Au sommet, visiblement fatigué mais soulagé, il a simplement confié : « Je suis vraiment content… et assez fatigué. La fin était très physique, mes bras commençaient vraiment à tirer. »
Le plus grand solo urbain de l’histoire
Avec cette performance, Alex Honnold ne s’est pas contenté de réussir un projet personnel. Il a tout simplement signé le plus grand solo urbain jamais réalisé. Il surpasse ainsi une autre légende de la discipline, le Français Alain Robert.
Si Alain Robert avait déjà gravi le Taipei 101 en 2004, c’était avec des cordes [4] desnivel.com. Il détient toujours le record du plus haut bâtiment du monde, le Burj Khalifa (828 m), mais cette ascension était également assurée. Le solo intégral de Honnold sur une telle hauteur est donc une première historique.
Un moment marquant au cœur de l’ascension
L’un des passages les plus mémorables de la montée fut l’arrivée de Honnold au pied des “dragons” décoratifs de la tour. Face à un groupe d’enfants qui l’encourageaient de l’autre côté de la vitre, le grimpeur a pris un instant pour interagir avec eux, plaisantant sur leur usage intensif des téléphones.
Ce bref moment de légèreté, au milieu d’une tension extrême, a montré un Honnold maître de ses émotions, capable de gérer l’effort surhumain tout en restant connecté au monde qui l’entourait.
Un événement qui fait débat
Un tel exploit ne vient pas sans son lot de questions. La diffusion en direct sur Netflix, pour laquelle la plateforme aurait payé environ 500 000 dollars, a suscité des débats [2] as.com. Est-ce du sport ? Du spectacle ?
Certains ont critiqué la prise de risque d’un père de famille devenu une icône mondiale. D’autres ont salué une performance qui met en lumière l’escalade auprès du grand public. La direction du bâtiment a, quant à elle, mis en garde contre les tentatives d’imitation, plusieurs personnes ayant déjà essayé de reproduire l’exploit, sans succès et avec un danger extrême [5] sdpnoticias.com.

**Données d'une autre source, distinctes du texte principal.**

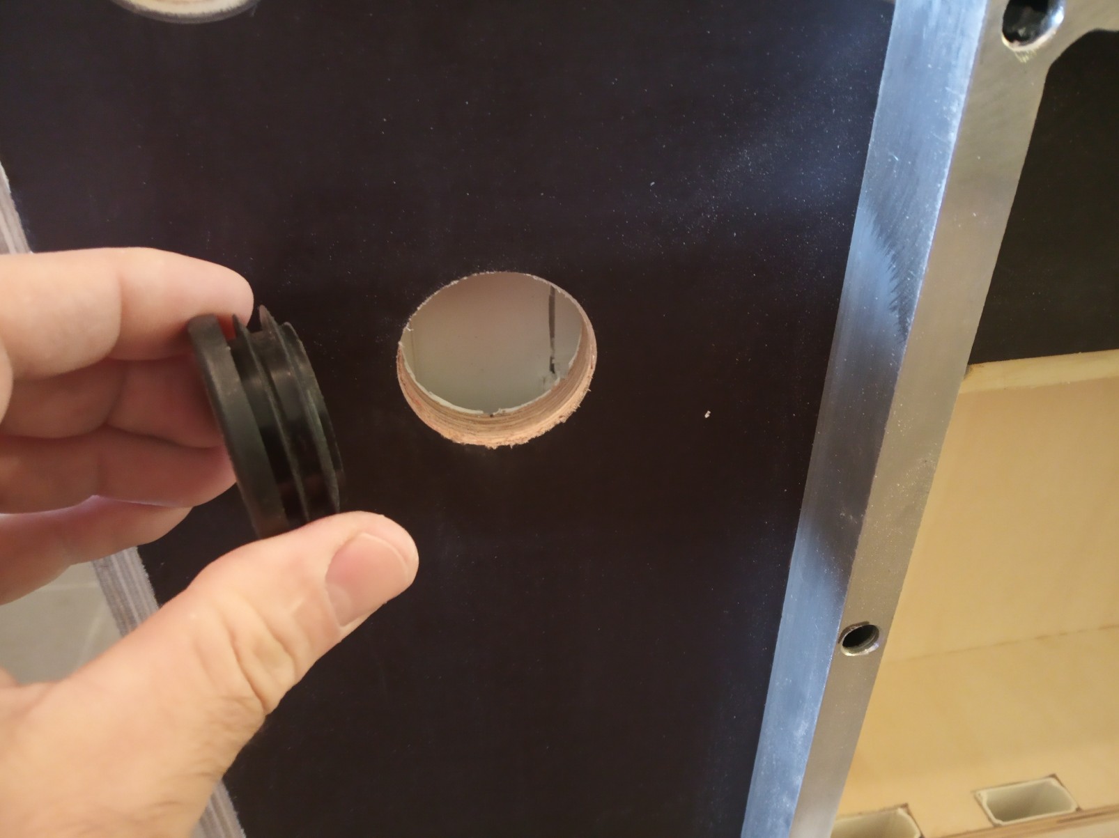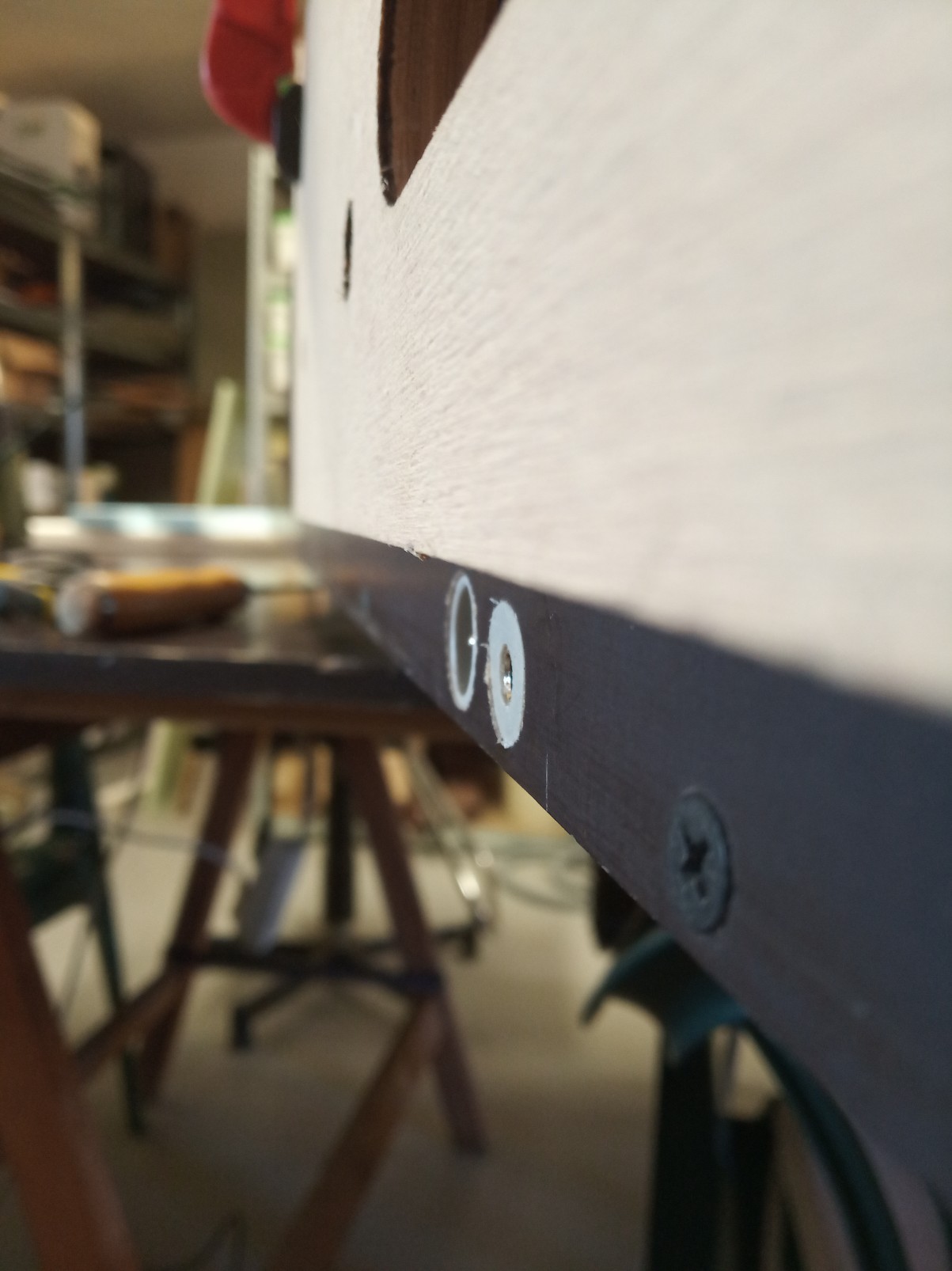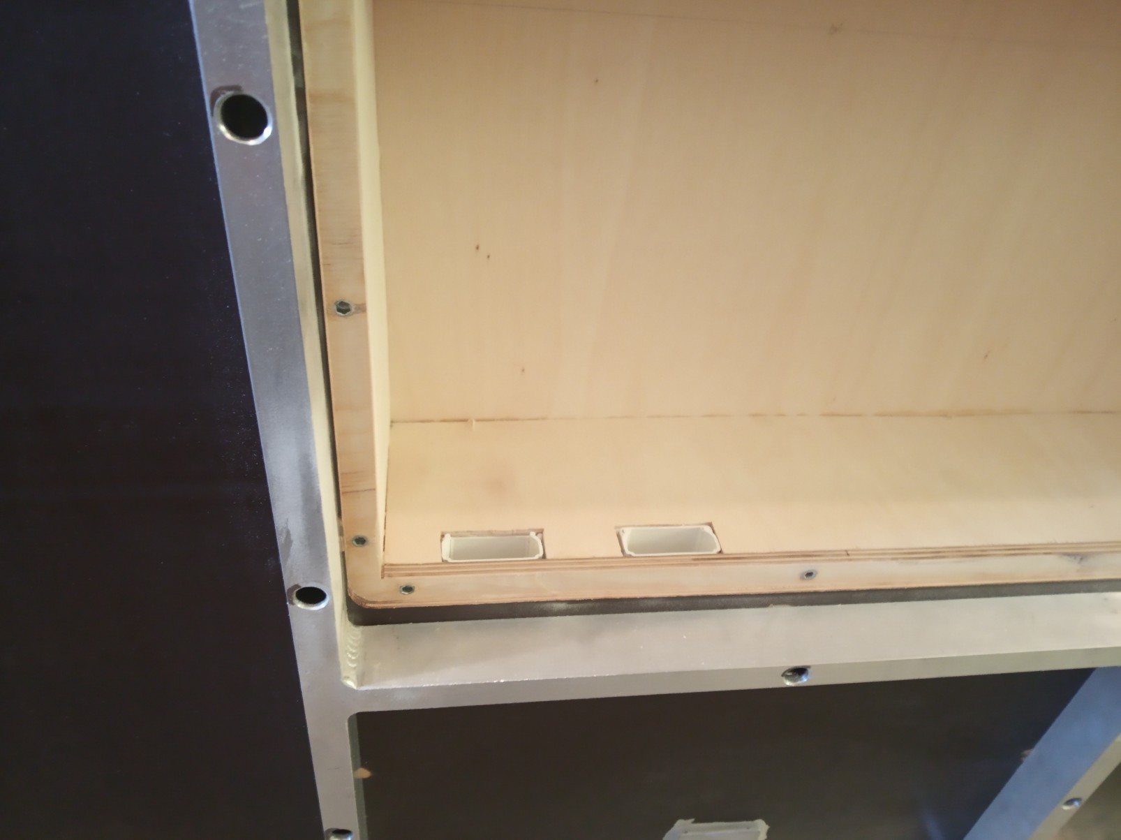 Bohužel se překližkové celoplato ukázalo jako ne moc vhodné, začlo se středem trochu prohýbat. Následně se investor přiznal k vlastnictví technologie a schopnostem svařovat hliník. Proto vznikl pomocný, kupodivu poměrně lehký rám, který eliminoval veškeré průhyby plotny.

Pour Honnold, la motivation était simple : une opportunité unique de grimper une structure iconique, avec une autorisation officielle. Une partie de ses revenus est d’ailleurs reversée à sa fondation, la Honnold Foundation, qui promeut l’accès à l’énergie solaire.

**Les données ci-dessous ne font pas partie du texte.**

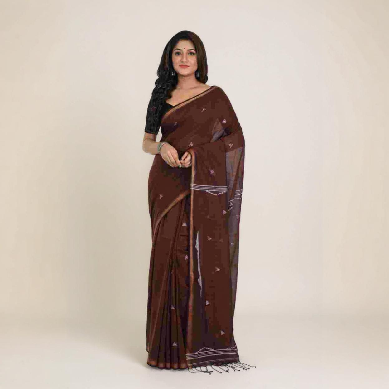 The Artisan's Whisper: Handloom Cotton Tangail Brown Saree
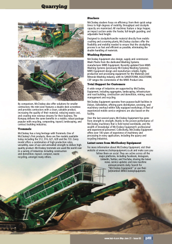 Over the last several years, McCloskey Equipment has gone from strength to strength, thanks to the proven performance of McCloskey machinery that is field tested worldwide, and the wealth of knowledge of McCloskey Equipment’s professional and experienced personnel. Collectively, McCloskey Equipment offers over 100 years of experience of machinery and processing in every application, including the quarry and recycling industries.
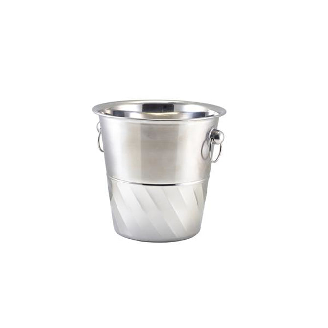 GenWare professional Barware collection has been developed through consultation with London`s finest bar specialists and Mixologists with a vision to create a leading range of professional barware for the modern age. GenWare Stainless Steel Swirl Ice Bucket offers doubled walled insulation along with lid and half swirl design.
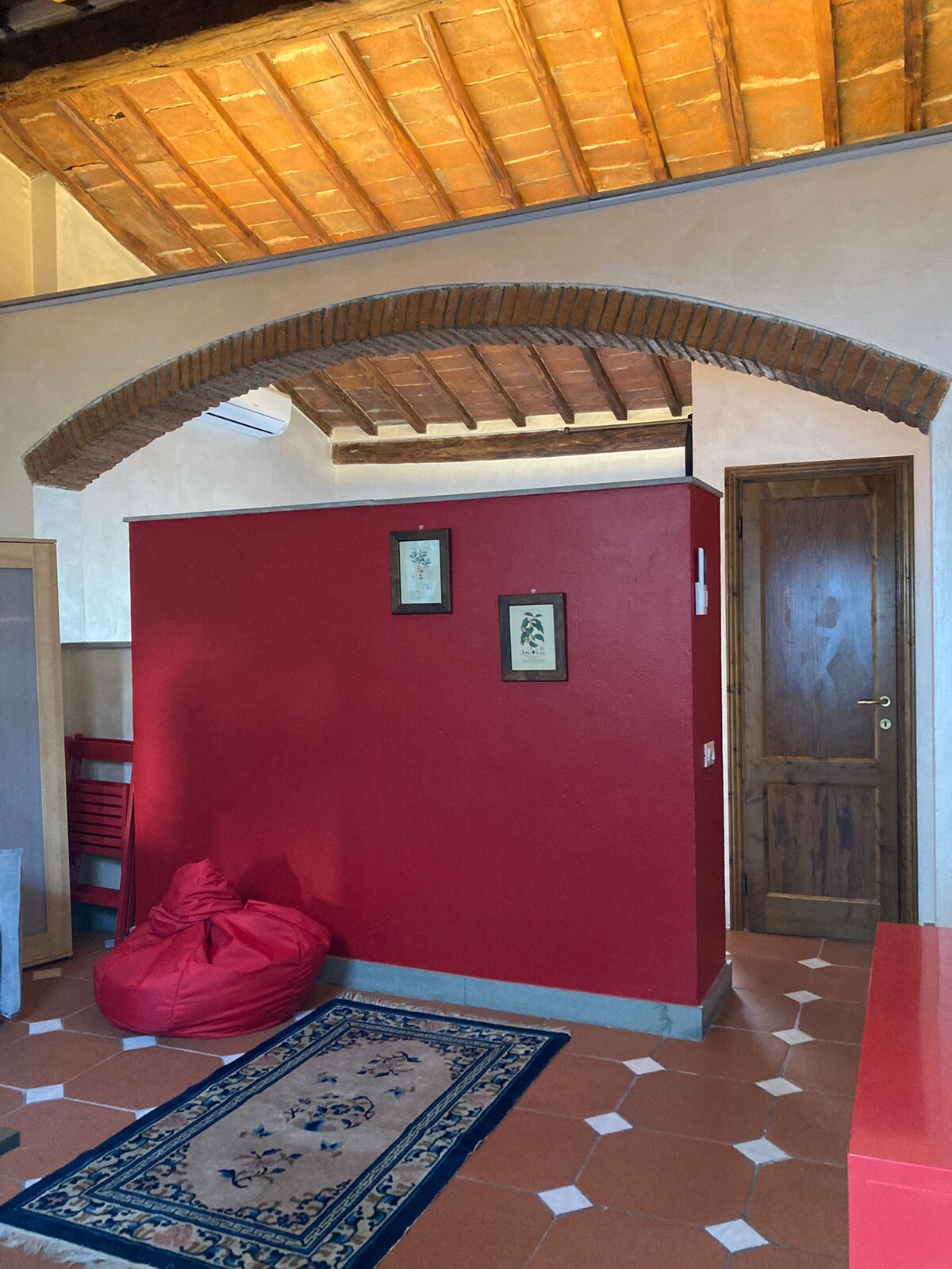 Fermă toscană de 140 de metri pătrați cu două dormitoare de până la patru persoane, living foarte mare cu șemineu cu podele din teracotă și tavane tipice, bucătărie echipată pentru gătit cu frigider și cuptor cu microunde, curte exterioară din piatră antică cu masă și scaune și grădină privată cu măslini. Clienții sunt rugați să vină cu mașina. Dacă doriți, încălzirea este plătită și în funcție de consum și poate fi pornită numai din perioada stabilită de regiune.
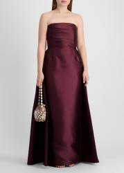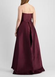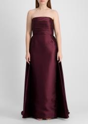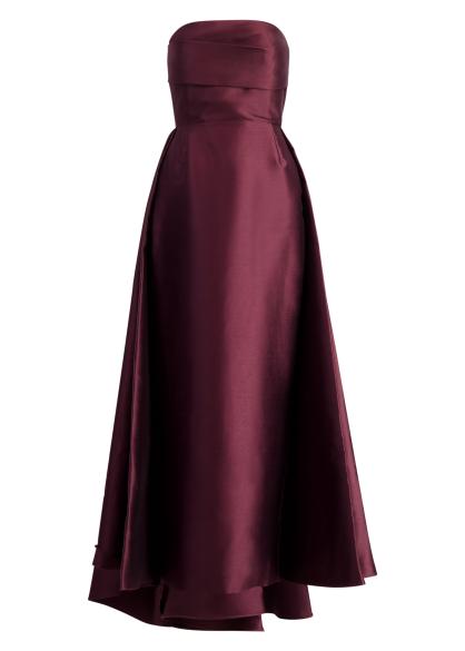 Elegant in its simplicity yet commanding in presence, the Tiffany gown from Solace London features a strapless bodice that hugs the torso before flaring into a dramatic full-length skirt with pleated side panels.

L’inspiration comme message final
Quoi qu’on en pense, le solo intégral du Taipei 101 restera un moment marquant de l’histoire du sport. Comme l’a expliqué Alex Honnold lui-même, l’important n’est pas d’inciter les gens à grimper sans corde.

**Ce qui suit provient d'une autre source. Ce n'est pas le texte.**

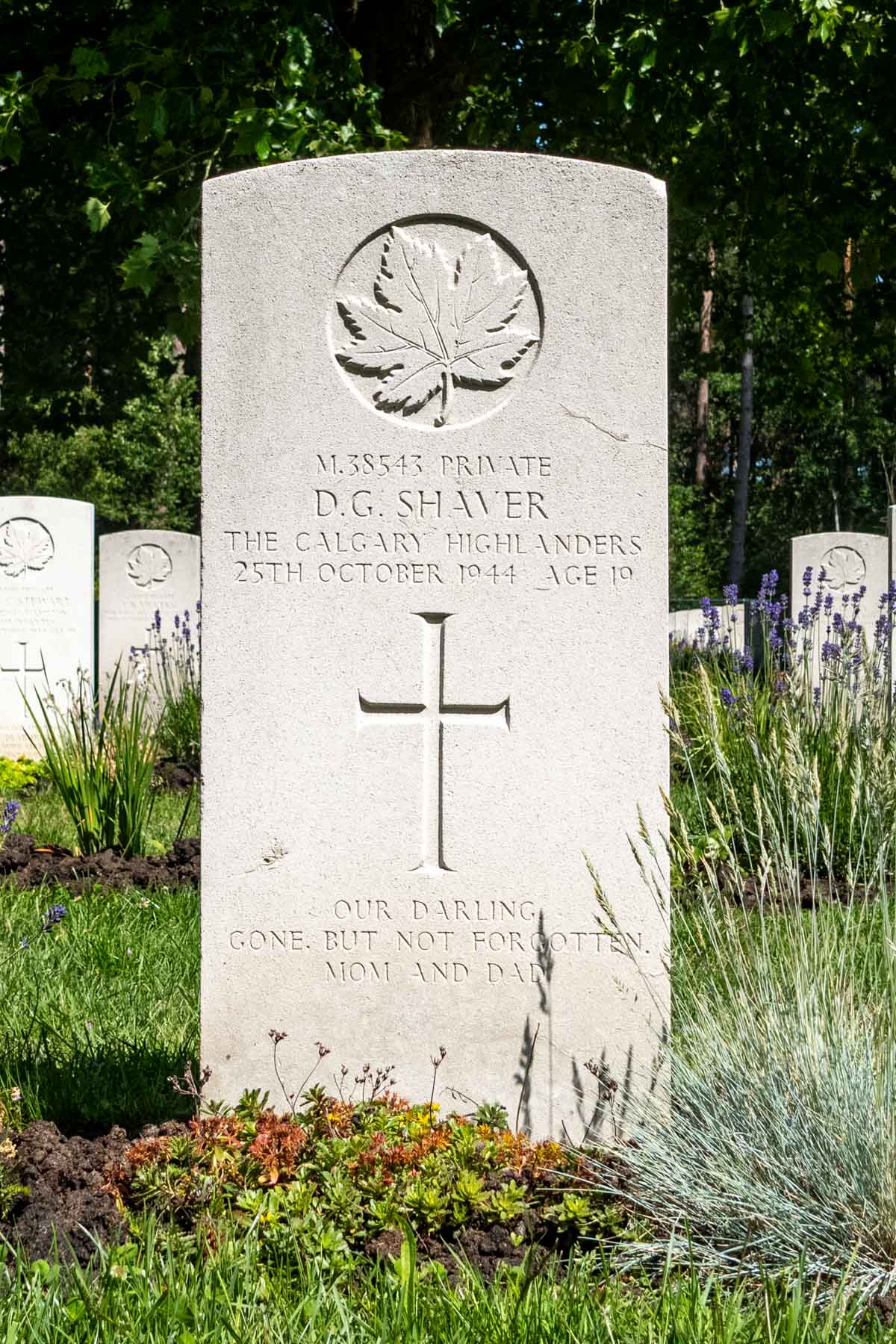 Date de décès (jj-mm-aaaa): 25-10-1944Âge au décès: 19 ansDernier cimetière: Canadian War CemeteryNuméro de tombe (plot, file, tombe): 02 E 07Rang: PrivateNuméro de service: M/38543

« Avec le film Free Solo, j’ai appris que chacun y trouve le message dont il a besoin. Certains y puisent l’inspiration pour relever leurs propres défis… Souvent, ça rappelle que notre temps est compté, et qu’il faut l’utiliser de la manière la plus significative possible. »
Une philosophie qui résonne bien au-delà du monde de l’escalade. Et qui laisse, comme toujours avec lui, une question en suspens : quelle sera la prochaine étape ?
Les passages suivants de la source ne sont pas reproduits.